Problem to solve » Reproduce each record exactly. The pictures should be skipped.

(Dataset excerpts)
——————————
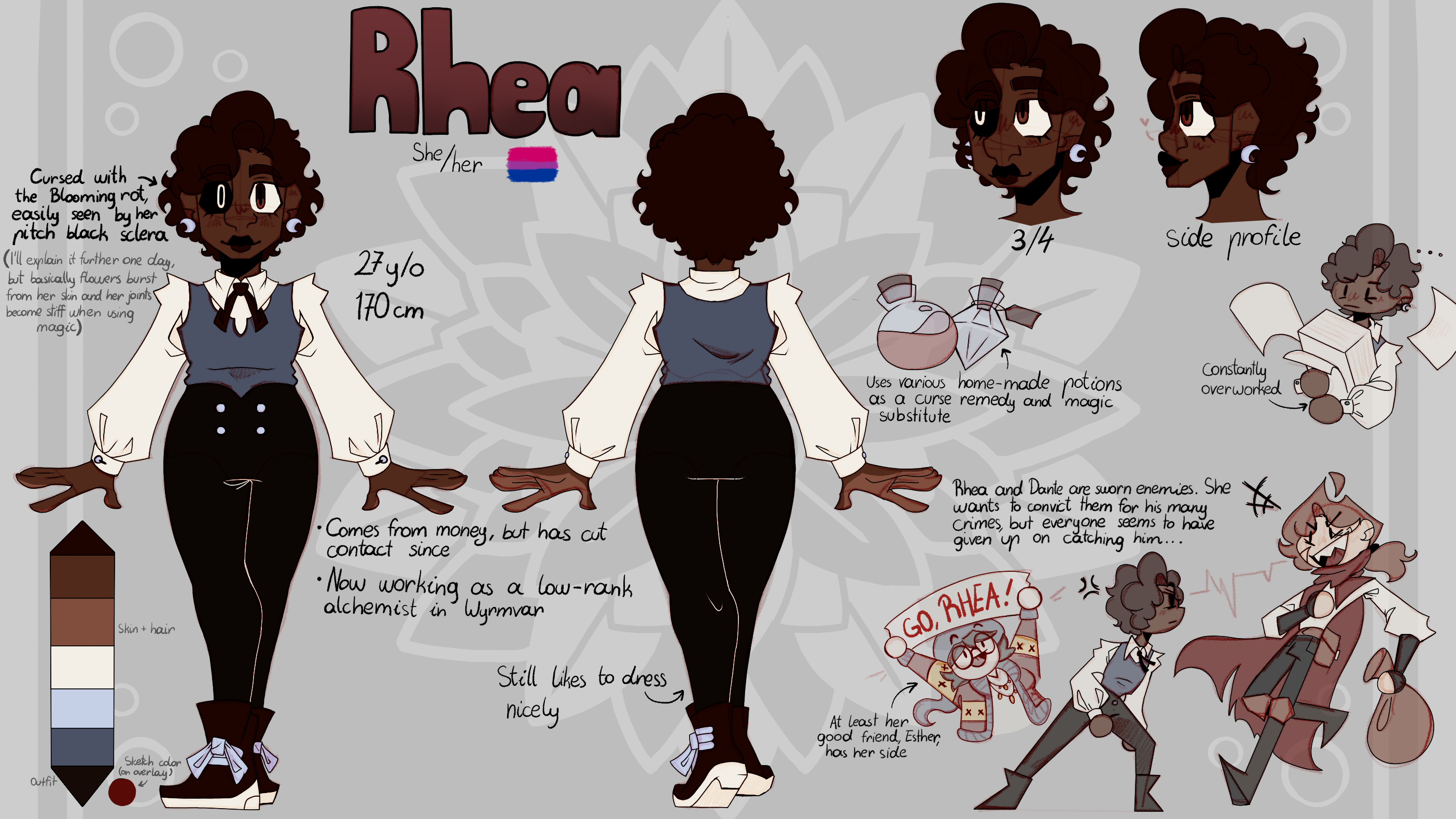 References for ArtFight part 1! Here's my profile if you want to be mutuals and for me to put you on my hit-list >:) [https://artfight.net/~blue_sun08](https://artfight.net/~blue_sun08) And here's any additional info for my characters you might want: [https://unvale.io/bluesun08](https://unvale.io/bluesun08) Hope you like how I do my refs, because I'm really proud of how this one came out, Dante and Ash are also in the works and I'll probably do a couple more if can manage it, see ya' until next time!
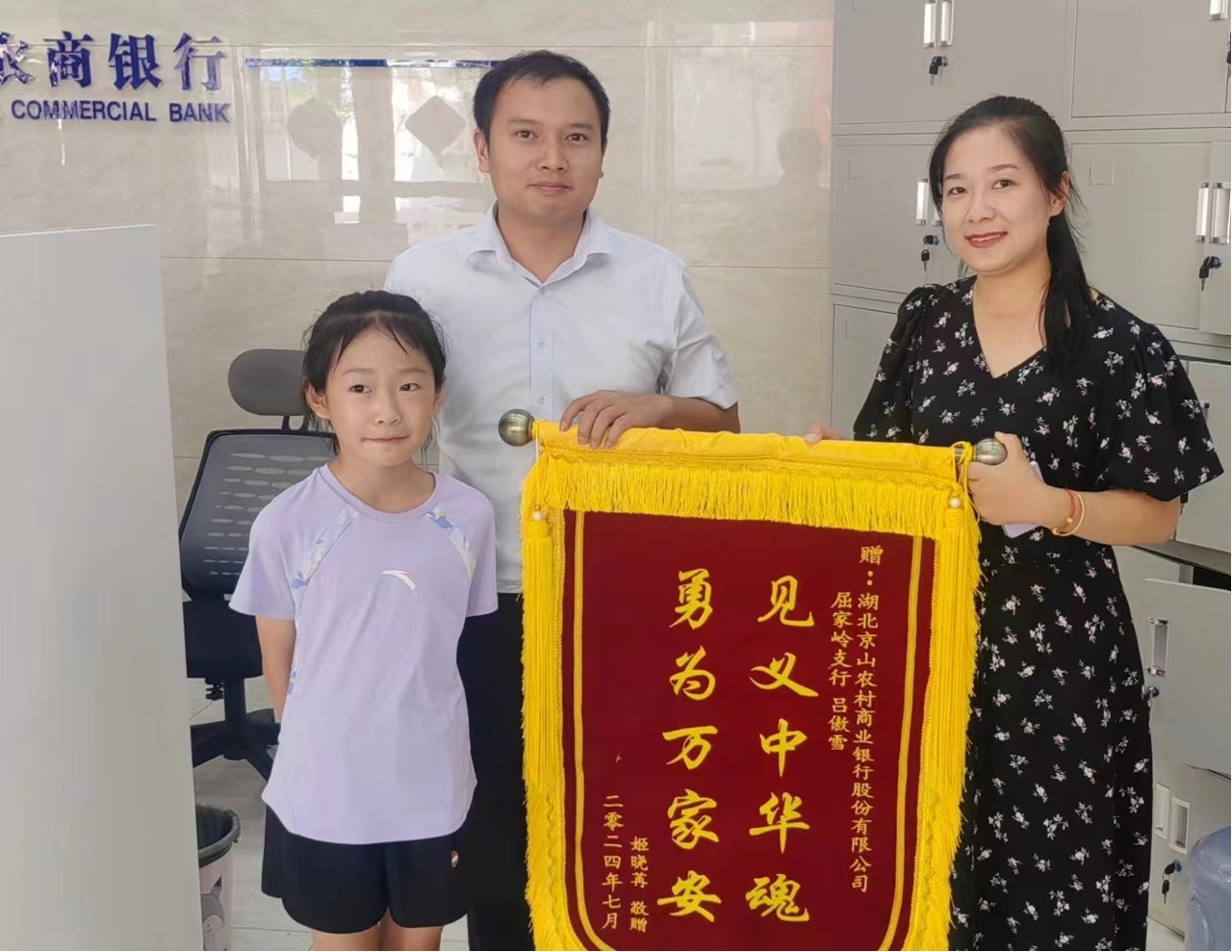 8月2日,市農(nóng)商銀行屈家?guī)X支行內(nèi)上演了溫馨一幕。一位婦女同女兒一起,將印有“見(jiàn)義中華魂 勇為萬(wàn)家安”的錦旗,交給了該行員工呂傲雪,感謝其見(jiàn)義勇為,英勇施救的善舉。事情要追溯到今年6月8日,呂傲雪一家三
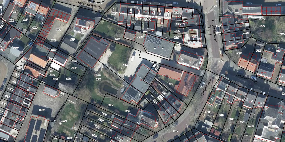 Het perceel waarop Konijnenwal 4-b staat heeft een oppervlakte van 965 m². Dit is een groot perceel. De perceeloppervlakte wordt geregistreerd door het Kadaster. Gedetailleerde informatie over de maten van dit perceel kunt u vinden in het rapport Kadastrale kaart met maatvoering van Konijnenwal 4-b.
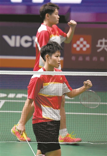 11月2日,福建一队组合谭宁/黄东萍(前)在甲组女子团体决赛中庆祝得分。她们以2比0战胜上海一队组合林芳灵/周芯如。当日,在陕西省宝鸡市举行的2020年全国羽毛球锦标赛甲组女子团体决赛中,福建一队以3比1战胜上海一队,夺得冠军。新华社记者 李一博 摄
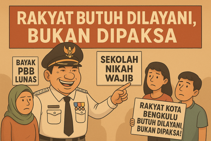 Di sisi lain, Pemkot Bengkulu juga mewajibkan warganya melunasi Pajak Bumi dan Bangunan (PBB) sebagai syarat untuk mengurus layanan tertentu. Kedua kebijakan ini tampak berbeda—satu menyentuh soal rumah tangga, satu lagi soal fiskal—tetapi benang merahnya sama: negara masuk terlalu jauh ke ruang privat warganya.
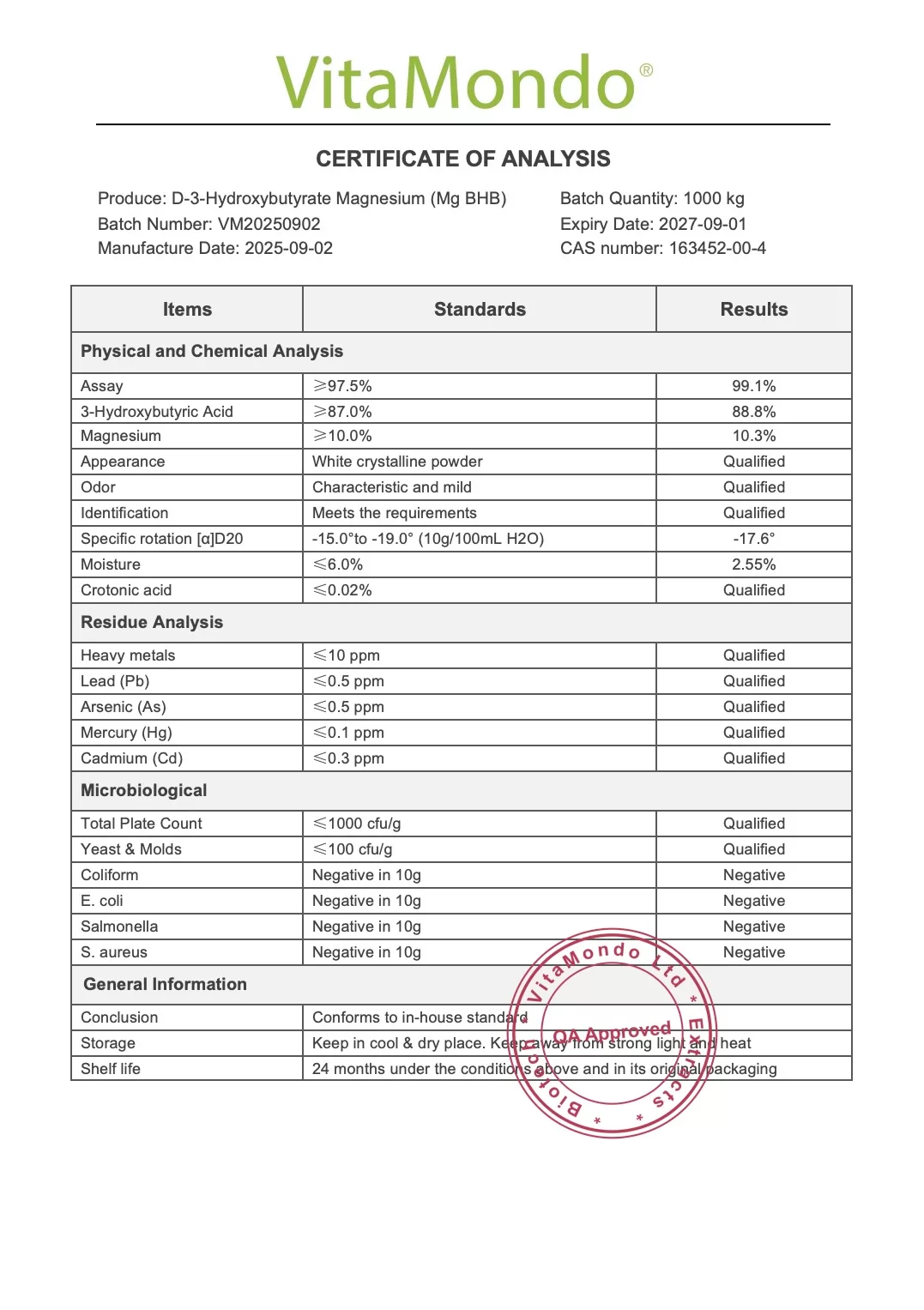 Magnesium BHB (β-Hydroxybutyrate) 99% is a high-purity exogenous ketone powder designed to support cellular energy production, metabolic flexibility, and neuromuscular function. This advanced compound delivers beta-hydroxybutyrate, the body’s preferred ketone, bound to magnesium for enhanced electrolyte and physiological support.
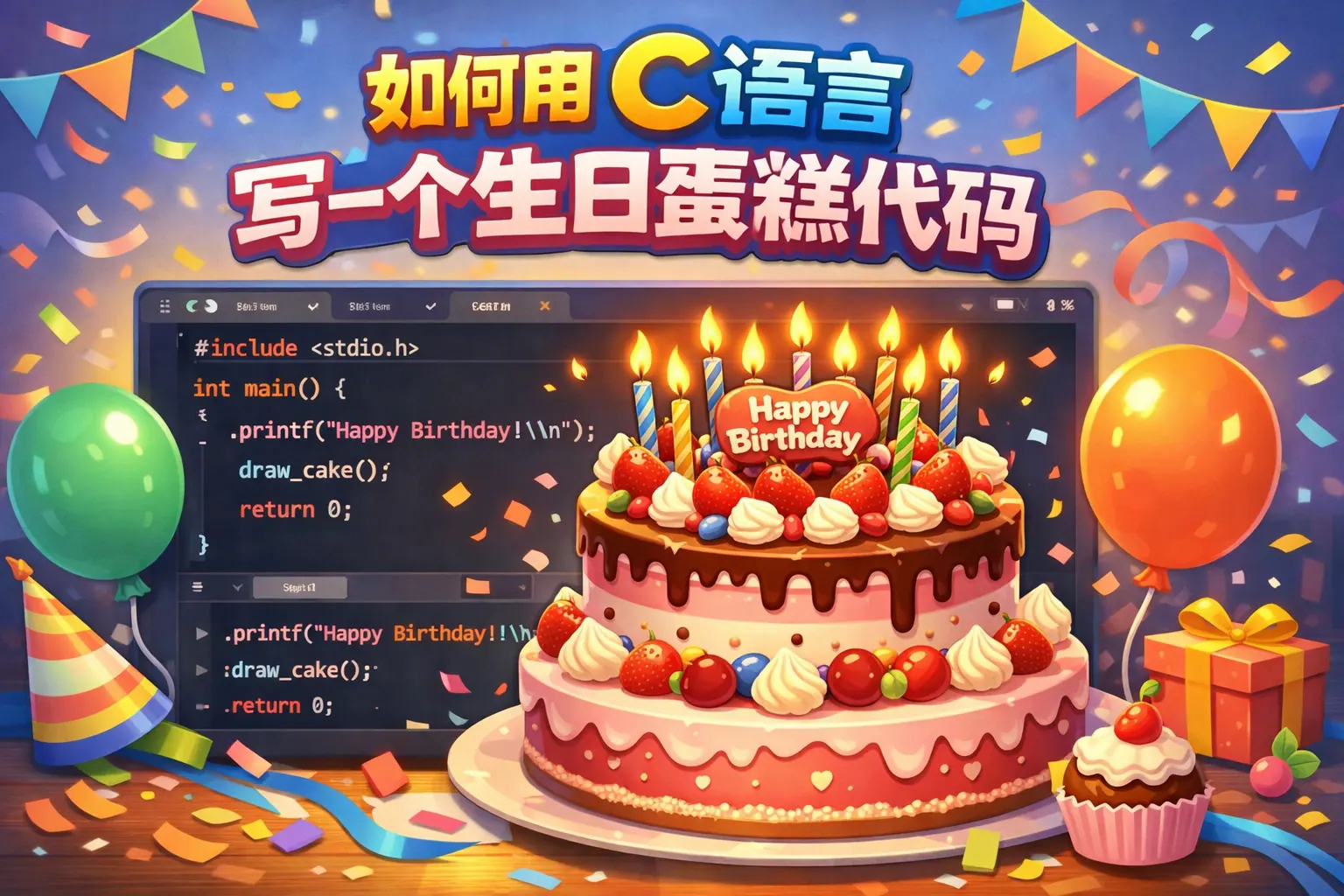 如何用c语言写一个生日蛋糕代码
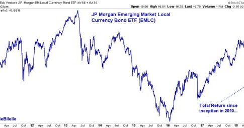 Since its inception, the Emerging Markets Local currency bond ETF has a total cumulative return of -.86%
——————————
Written solution »
 References for ArtFight part 1! Here's my profile if you want to be mutuals and for me to put you on my hit-list >:) [https://artfight.net/~blue_sun08](https://artfight.net/~blue_sun08) And here's any additional info for my characters you might want: [https://unvale.io/bluesun08](https://unvale.io/bluesun08) Hope you like how I do my refs, because I'm really proud of how this one came out, Dante and Ash are also in the works and I'll probably do a couple more if can manage it, see ya' until next time!
 8月2日,市農(nóng)商銀行屈家?guī)X支行內(nèi)上演了溫馨一幕。一位婦女同女兒一起,將印有“見(jiàn)義中華魂 勇為萬(wàn)家安”的錦旗,交給了該行員工呂傲雪,感謝其見(jiàn)義勇為,英勇施救的善舉。事情要追溯到今年6月8日,呂傲雪一家三
 Het perceel waarop Konijnenwal 4-b staat heeft een oppervlakte van 965 m². Dit is een groot perceel. De perceeloppervlakte wordt geregistreerd door het Kadaster. Gedetailleerde informatie over de maten van dit perceel kunt u vinden in het rapport Kadastrale kaart met maatvoering van Konijnenwal 4-b.
 11月2日,福建一队组合谭宁/黄东萍(前)在甲组女子团体决赛中庆祝得分。她们以2比0战胜上海一队组合林芳灵/周芯如。当日,在陕西省宝鸡市举行的2020年全国羽毛球锦标赛甲组女子团体决赛中,福建一队以3比1战胜上海一队,夺得冠军。新华社记者 李一博 摄
 Di sisi lain, Pemkot Bengkulu juga mewajibkan warganya melunasi Pajak Bumi dan Bangunan (PBB) sebagai syarat untuk mengurus layanan tertentu. Kedua kebijakan ini tampak berbeda—satu menyentuh soal rumah tangga, satu lagi soal fiskal—tetapi benang merahnya sama: negara masuk terlalu jauh ke ruang privat warganya.
 Magnesium BHB (β-Hydroxybutyrate) 99% is a high-purity exogenous ketone powder designed to support cellular energy production, metabolic flexibility, and neuromuscular function. This advanced compound delivers beta-hydroxybutyrate, the body’s preferred ketone, bound to magnesium for enhanced electrolyte and physiological support.
 如何用c语言写一个生日蛋糕代码
 Since its inception, the Emerging Markets Local currency bond ETF has a total cumulative return of -.86%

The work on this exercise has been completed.